Artileri portabel ini bukan hanya sekedar senjata; ia adalah sebuah narasi tentang kemandirian teknologi, kebanggaan metalurgi, dan semangat perlawanan yang tak pernah padam di jantung samudra Nusantara.
Meriam Sundut, dengan segala variasi namanya dari Lantaka hingga Rentaka, melambangkan masa di mana Asia Tenggara adalah pusat inovasi militer dan perdagangan dunia. Dari bengkel pengecoran perunggu di Jawa hingga geladak kapal lanun yang cepat di Sulu, artileri putar ini adalah penentu kedaulatan yang tak terbantahkan.

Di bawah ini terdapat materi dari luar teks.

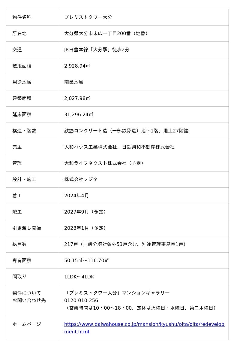 大和ハウス工業株式会社(本社:大阪市、社長:大友浩嗣、以下「大和ハウス工業」)、日鉄興和不動産株式会社(本社:東京都港区、社長:三輪正浩、以下「日鉄興和不動産」)は、大分市における分譲マンション「プレミストタワー大分」の概要が決定しましたので、お知らせします。
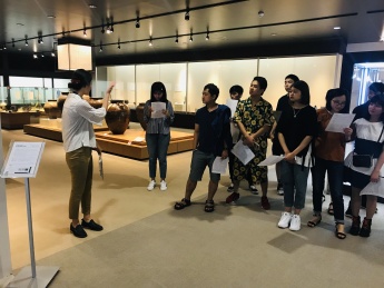 午前中に福井県陶芸村の陶芸館を訪れ、絵付け体験、茶道体験、陶芸資料館を見学しました。日本六古窯に数えられる“越前焼”の説明や、実際に陶器への絵付け体験、その越前焼の茶碗を使用して茶道を体験することで、留学生たちは日本文化に多く触れることができました。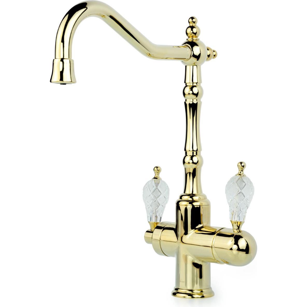 Смеситель Medici Ripresa порадует поклонников интерьеров в ретростиле. Изящная модель изготовлена из латуни с износостойким покрытием PVD бронзового цвета, сохраняющим приятное сияние на протяжении всего периода эксплуатации. Подключается к фильтру и обеспечивает подачу очищенной воды через дополнительный канал в поворотном изливе. Управление потоками осуществляется 2 рычагами. Устройство герметично и рассчитано на долгий срок службы.

Kemampuannya untuk bertransformasi dari alat perang yang mematikan menjadi simbol kekayaan dan pusaka budaya menunjukkan kedalaman integrasinya dalam masyarakat Nusantara. Meskipun kini telah digantikan oleh artileri modern, kisah Meriam Sundut terus bergema—sebuah warisan yang megah tentang bagaimana kekuatan kecil, yang dipersenjatai dengan inovasi dan mobilitas, mampu menantang dan bertahan melawan imperium global selama beberapa generasi.
Peninggalan ini menuntut penghargaan kita, bukan hanya sebagai artefak militer, tetapi sebagai representasi nyata dari kecerdasan lokal, seni metalurgi kuno, dan keberanian para pelaut serta prajurit yang menjadikannya senjata yang paling disegani di jalur sutra maritim.
Meriam Sundut adalah saksi bisu atas naik turunnya kekuasaan, sebuah ikon yang akan selamanya terkait erat dengan sejarah gemilang perdagangan dan pertahanan di kepulauan yang kaya ini. Dengan setiap ukiran naga, ia menceritakan epik pertahanan; dengan setiap lekukan laras, ia mencatat perjalanan panjang Nusantara menuju kemerdekaan dan pengakuan di panggung dunia.